My mother in law has manipulated my husband his whole life.

Long story short.... She got pregnant with my husband at 17 to try and keep boyfriend.....she married him but he left her because she and her family were to controlling, when my husband was 7 and his brother was 3. At that time she told DH that he had to be the "man" of the house and he has devoted himself to her ever since. Though she married again when he was 12 to a strange but nice man who has just passed this past January. Even when she had a capable husband she still counted on the boys to fix her every problem and essentially take care of her..

She has done many manipulating things (in my first post) over the 16 years since I met him. She went full on evil when we married 14 years ago.

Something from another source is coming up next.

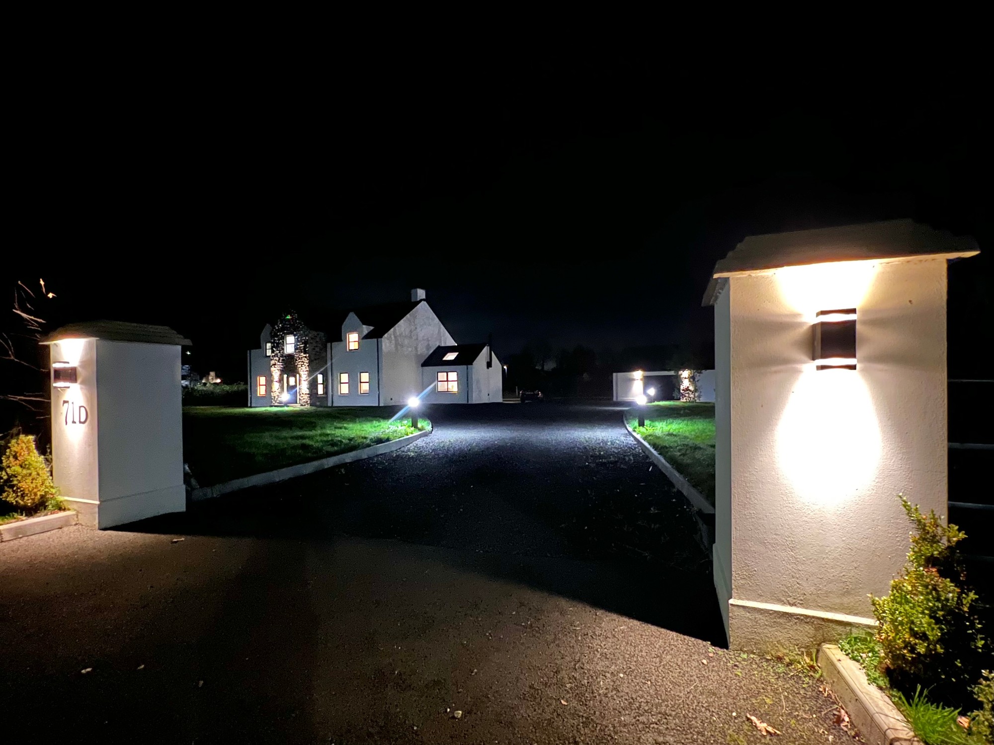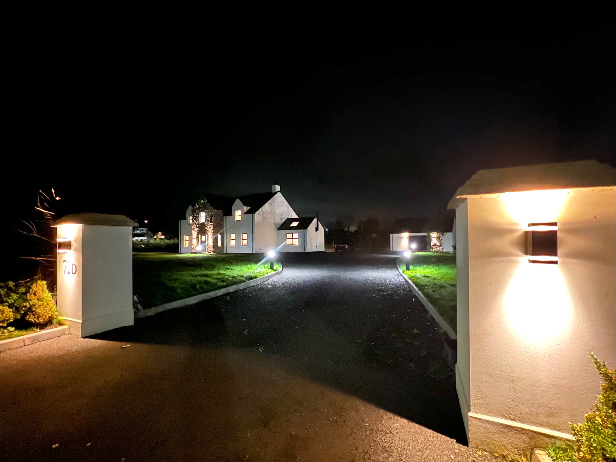 Feature entrance pillars with stone driveway leading to large detached garage with ample parking. Gardens laid in lawn to the front, side and rear. Exterior lighting and boundary fencing.

I have never been able to voice my opinion to her because my husband said I will make it worse and he wants to "handle" it and not drag me through her crap but hasn't been able to. Since she lost her husband and father this year she has made it her mission to make the boys feel so guilty she is alone and that they are REQUIRED to take care of her. She stopped talking to her father when her mother passed because he got a girlfriend and alienated both boys to anyone on that side of the family but when she found out she might lose her inheritance she suddenly made up with him (he had cancer) 6 weeks prior to his death. She bad mouthed him (her dad) so bad and essentially told the boys that they had to be loyal to her but since she reconciled she wanted them to and my husband couldn't for his personal reasons because she fed him all kinds of stuff that he did not need to hear about his grandfather. She also took my kids behind my back to see him but for "brownie points" so my kids had to deal with 2 losses this year. 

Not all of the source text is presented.